Review is sought by Insurer-Appellant United States Fidelity and Guaranty Company (USF&G) from a Declaratory Judgment which imposed liability on it as one of three insurance carriers providing products liability coverage during a period of time when bricks manufactured by Adams Clay Products Company (Adams) and incorporated into certain structures spalled (deteriorated), claiming liability was extended beyond its period of coverage.

We affirm.

FACTS

The following facts appear to be undisputed:

Adams manufactured bricks to be used in the construction of brick structures. From some time prior to March 15, 1971, and extending to October 1, 1973, Adams carried successive products liability insurance policies with three insurance companies — USF&G being the first, followed by Employers Commercial Union Insurance Company of America (Employers) and American Insurance Company (American).

The relevant provisions of each of these three contracts of insurance have almost verbatim similarity. Each insurance company agrees to:

[3]*3pay on behalf of the insured all sums which the insured shall become legally obligated to pay as damages because of
Coverage B. property damage to which this insurance applies, caused by an occurrence. . . .

Occurrence is defined as “an accident... which results, during the policy period, in . . . property damage neither expected nor intended from the standpoint of the insured.” Property damage means “injury to or destruction of tangible property.” Each policy makes it clear that this insurance “applies only to . . . property damage which occurs during the policy period within the policy territory.”

Bricks manufactured by Adams, used in the construction of a house and two decorative markers owned by Byron Turner (Turner), spalled — chips or flakes of the brick suface broke off — during the policy periods of all three insurers. Adams reached a settlement with Turner for damage done to Turner’s home by the spalling. When Adams submitted claims to Employers and American, they refused to admit liability and defend Adams against further claims by Turner for additional damage caused by the spalling bricks. Adams thereafter filed suit against Employers and American.

On Motion of American, the trial court joined USF&G as an additional party.
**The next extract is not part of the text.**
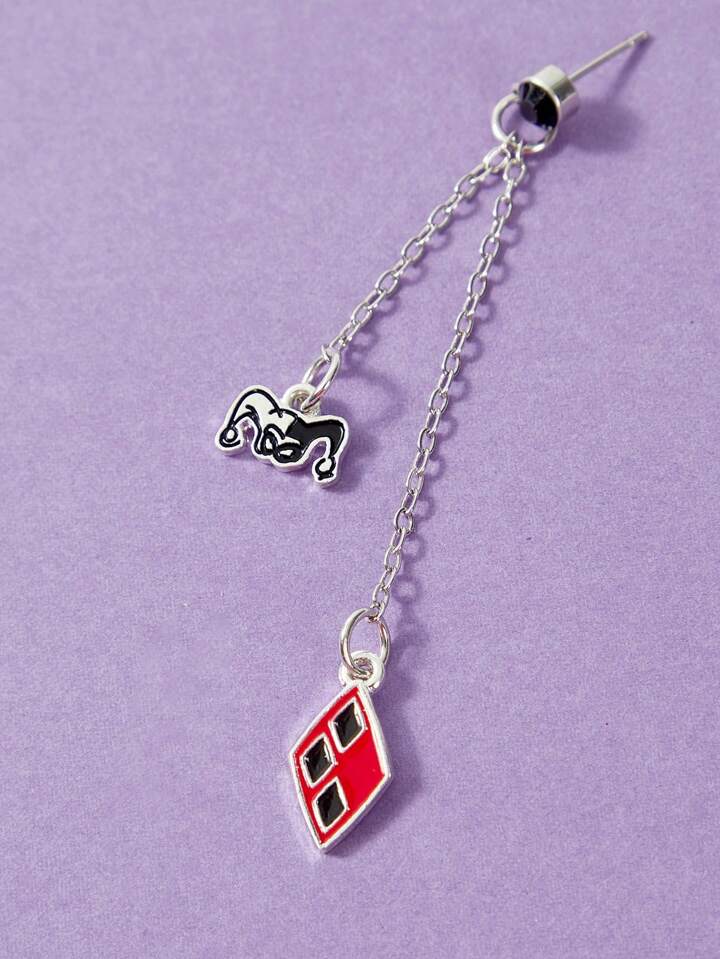 Harley Quinn | ROMWE Geometric Joker Pattern Long Chain Rhinestone Earrings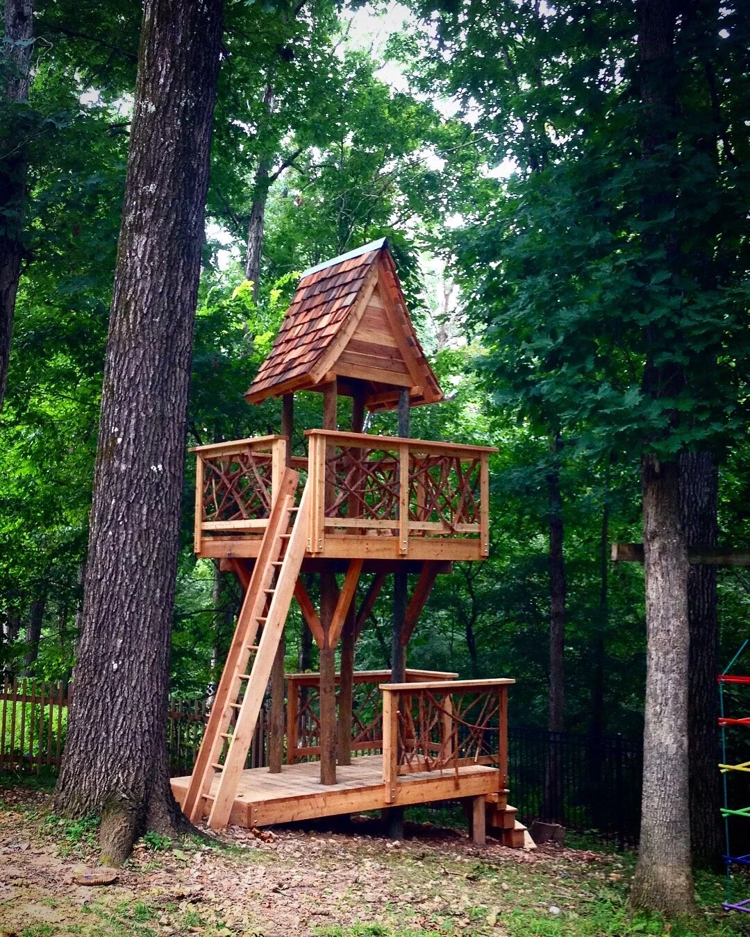 Whimsical Two-Story Playhouse Bentonville, ArkansasAugust 2019 View fullsize View fullsize View fullsize View fullsize View fullsize View fullsize playhouse, playsetKate HartAugust 13, 2019playhouse, two-story, whimsical, bentonville, arkansas, natural logs, branch railings, ladder, main page feature Facebook0 Twitter Pinterest0 0 Likes

The parties crossed and counterclaimed, finally asking the trial court for a Declaratory Judgment setting out the respective rights and duties of Adams and the three insurance companies. The trial court entered the following Declaratory Judgment accordingly:

JUDGMENT ON COUNTER CLAIM1

Upon the Counter-Claim herein, American Insurance Company vs Adams Clay Products Company, United States Fidelity and Guaranty Company, and Employers Commer[4]*4cial Union Insurance Company of America, seeking declaratory judgment of the respective coverages of the Product Insurers of Adams Clay Products Company, manufacturer and seller of its product, common brick, the respective parties have filed or joined in the filing of certain stipulations of facts and thereby have stipulated:
(1) That each insurer of the brick product of Adams Clay Products Company affords coverages during the following policy periods, as follows:
UNITED STATES FIDELITY AND GUARANTY COMPANY, for policy period of several years before and up to March 15, 1971;
EMPLOYERS COMMERCIAL UNION INSURANCE COMPANY OF AMERICA, for policy period of March 15, 1971, and expiring March 15, 1972;
AMERICAN INSURANCE COMPANY, for policy period of March 15, 1972 and expiring March 15, 1973, which policy was renewed March 15, 1973, which renewal was terminated October 1, 1973.
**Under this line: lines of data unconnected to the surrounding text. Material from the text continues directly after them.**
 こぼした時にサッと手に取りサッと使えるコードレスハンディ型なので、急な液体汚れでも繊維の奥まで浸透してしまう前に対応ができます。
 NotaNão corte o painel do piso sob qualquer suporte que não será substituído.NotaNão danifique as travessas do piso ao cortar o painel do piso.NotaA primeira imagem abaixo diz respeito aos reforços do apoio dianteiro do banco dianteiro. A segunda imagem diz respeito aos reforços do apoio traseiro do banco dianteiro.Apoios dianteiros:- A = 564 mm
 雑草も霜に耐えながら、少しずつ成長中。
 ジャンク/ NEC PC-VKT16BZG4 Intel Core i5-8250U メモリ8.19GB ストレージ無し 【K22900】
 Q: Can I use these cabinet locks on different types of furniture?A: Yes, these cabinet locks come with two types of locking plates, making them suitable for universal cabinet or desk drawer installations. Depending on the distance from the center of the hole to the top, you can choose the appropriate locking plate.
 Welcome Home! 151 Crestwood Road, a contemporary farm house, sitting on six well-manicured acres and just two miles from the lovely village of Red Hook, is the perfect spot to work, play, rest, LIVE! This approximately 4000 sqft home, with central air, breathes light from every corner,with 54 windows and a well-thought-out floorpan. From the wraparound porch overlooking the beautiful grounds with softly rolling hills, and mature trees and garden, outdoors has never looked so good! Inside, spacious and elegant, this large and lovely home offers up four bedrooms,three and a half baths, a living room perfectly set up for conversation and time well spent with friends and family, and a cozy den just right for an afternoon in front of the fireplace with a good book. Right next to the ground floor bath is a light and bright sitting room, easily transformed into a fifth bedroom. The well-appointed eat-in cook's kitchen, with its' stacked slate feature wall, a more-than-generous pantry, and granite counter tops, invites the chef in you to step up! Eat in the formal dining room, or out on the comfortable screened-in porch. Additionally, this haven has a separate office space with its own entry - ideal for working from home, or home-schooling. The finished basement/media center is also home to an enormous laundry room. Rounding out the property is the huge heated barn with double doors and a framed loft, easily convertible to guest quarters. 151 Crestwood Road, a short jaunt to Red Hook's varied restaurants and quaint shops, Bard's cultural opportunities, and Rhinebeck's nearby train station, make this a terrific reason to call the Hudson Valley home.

(2) That during these insured policy periods, claims of losses have been made against the insured, Adams Clay Products Company, due to the failure of its product, by the product spalling or flaking after such product has been incorporated into a structure.

[5]*5(3) That there is a substantial and actual material controversy sufficient for a declaratory judgment between insurers and Adams Clay Products Company as to the extent and definition of coverage of the respective insurers upon such claims of losses of damage based upon spalling of the insured’s brick product discovered in one insurer’s policy period and extending into another insurers’ policy period, or into a time period in which Adams Clay Products Company was or is uninsured.

IT IS THEREFORE ORDERED AND ADJUDGED, upon the Counter Claim of American Insurance Company vs Adams Clay Products Company, United States Fidelity and Guaranty Company, and Employers Commercial Union Insurance Company of America:

(1) That each insurer affords product liability coverage of the Adams Clay Products Company, brick product, as follows:

UNITED STATES FIDELITY AND GUARANTY COMPANY, for policy period of several years before and up to March 15, 1971;
EMPLOYERS COMMERCIAL UNION INSURANCE COMPANY OF AMERICA, for policy period of March 15, 1971, and expiring March 15, 1972;
AMERICAN INSURANCE COMPANY, for policy period of March 15, 1972 and expiring March 15, 1973, which policy was renewed March 15, 1973, which renewal was terminated October 1, 1973.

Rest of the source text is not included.